A big source of IPO abuse arising during the late 1990s bubble were whopping aftermarket premiums, the committee said in its report. Those huge first-day price boosts created a pool of instant profits that underwriters sometimes swapped for promises of future business.
Staffed by such bigs as NYSE director and former Clinton Administration Chief of Staff Leon Panetta and former Merrill Lynch chairman Daniel Tully, the committee cited four harmful IPO practices that could use fixing:
- “Spinning.” In return for investment-banking business, some underwriters doled out “hot” IPO shares to executives and directors of potential clients.
- Plumping up aftermarket prices. Some underwriters used unfair or illegal ploys to keep prices high and boost demand after IPOS were issued. Among the tactics: dishing out shares based on an investor’s commitment to buy more of them in the aftermarket at preset prices.
- Illegal quid pro quos. Underwriters unlawfully allocated IPO shares based on an investor’s agreement to pay overly steep commissions on trades of other securities.

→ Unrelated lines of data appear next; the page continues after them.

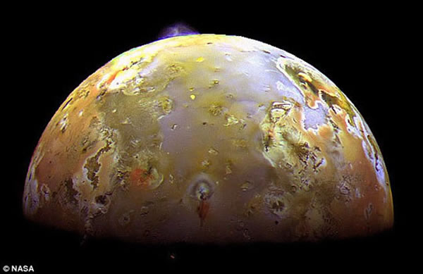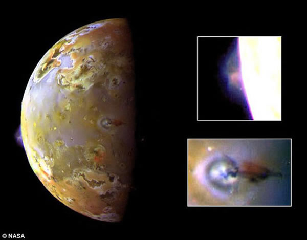 从拍摄到的木卫一图片中可以看到,这颗卫星上出现了两次含硫的火山喷发,且分别喷发出了距离卫星地表86英里高和46英里高的烟羽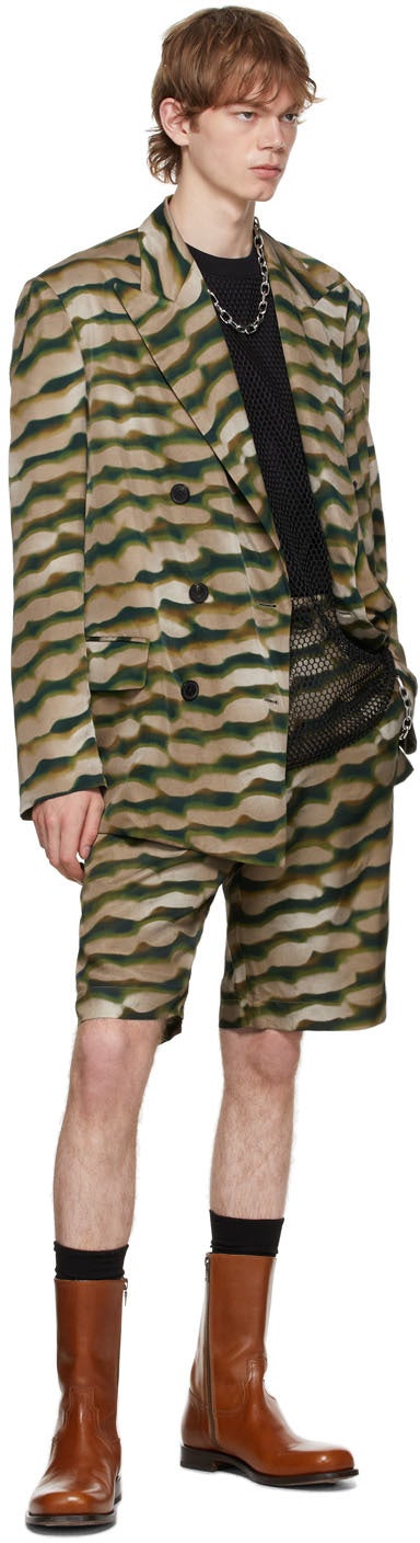 Dries Van Noten Khaki Len Lye Edition Satin Graphic Blazer
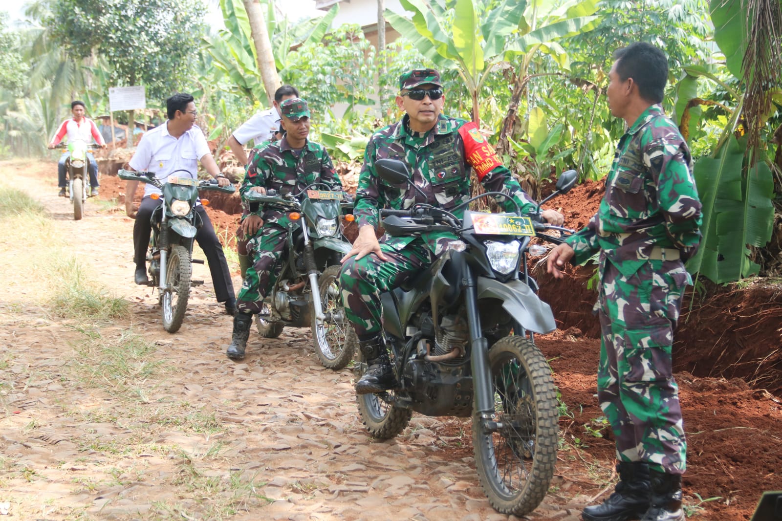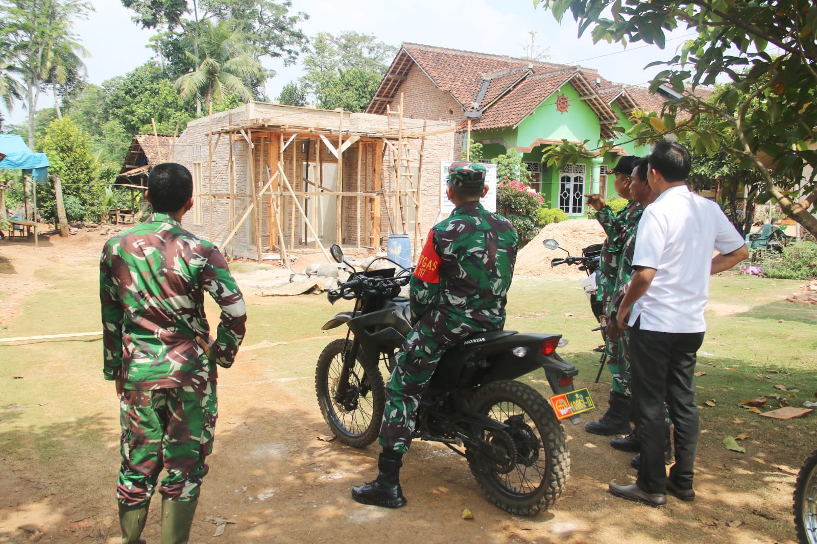 Turut mendampingi Dansatgas, Danramil 429-10/Labuhan Maringgai Kapten Inf. H. Gustian, Pasiter Kodim 0429/Lamtim Lettu Kav. Aprizal, Dan SSK Lettu Inf. Sugiri, Kabid Cipta Karya Lamtim Bambang Sutrisno.,S.Sos serta Kades Sumber Marga Rosid.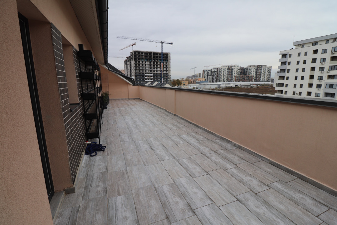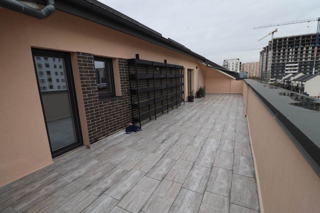 Terasa este descoperita in momentul de fata dar exista posibilitatea de a o inchide, transformand apartamentul in unul cu 3 sau 4 camere. Aproximativ 85% din suprafata apartamentului are un pod inalt deasupra, acesta putand fi compartimentat si folosit pentru depozitare sau locuinta, unii dintre vecinii de la ultimul etaj avand deja suprafata de pod delimitata.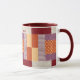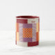 Tasse colorée à motif de bloc de patchwork dans le motif traditionnel "Boîte de crayons". Cadeau de collectionneur mignon, décoratif et fonctionnel pour quiconque aime le patchwork ou la couture. Modifiez votre texte de monogramme dans l'éditeur de texte Zazzle facile à utiliser.

- Biased analyst advice. Some research analysts apparently agreed to stick with “buy” recommendations on certain stocks in the face of prices that jumped exponentially in the aftermarket.
The panel delivered a slew of recommendations aimed at stopping IPO chicanery. They include: requiring boards to set up IPO pricing committees; preventing “laddering” (luring investors to buy shares in the aftermarket at specified prices in exchange for IPO allocations); and barring IPO share allocation to corporate officers and directors of companies who have investment banking relationships with an underwriter.
While the SEC hasn’t set a deadline for adopting IPO rules, it will hold a comment period in the next few months, according to The New York Times. During that time, NYSE and NASD committees will mull over the advisory committee’s recommendations. The rule proposals that emerge from those talks would then be sent to the SEC for final approval.
Schering-Plough Probe Widens
In a widening criminal investigation of Schering-Plough, the U.S. District Attorney for Massachusetts told the company that it’s being investigated by a federal grand jury.
The pharmaceutical company had previously disclosed that the U.S. Attorney’s Office was investigating its sales, marketing, and clinical trial practices. Now Schering-Plough executives say they understand that the government has enough evidence to support an indictment.
The grand jury is looking into possible document destruction and obstruction-of-justice charges. It’s also probing the possibility of payoffs to managed care organizations and doctors to get them to buy Schering products paid for through federal health care programs.
Other possible charges include the sale of misbranded or unapproved drugs and the submitting of false pharmaceutical pricing information to the government.
Schering-Plough executives said the company is cooperating with the U.S. Attorney’s office on the investigation.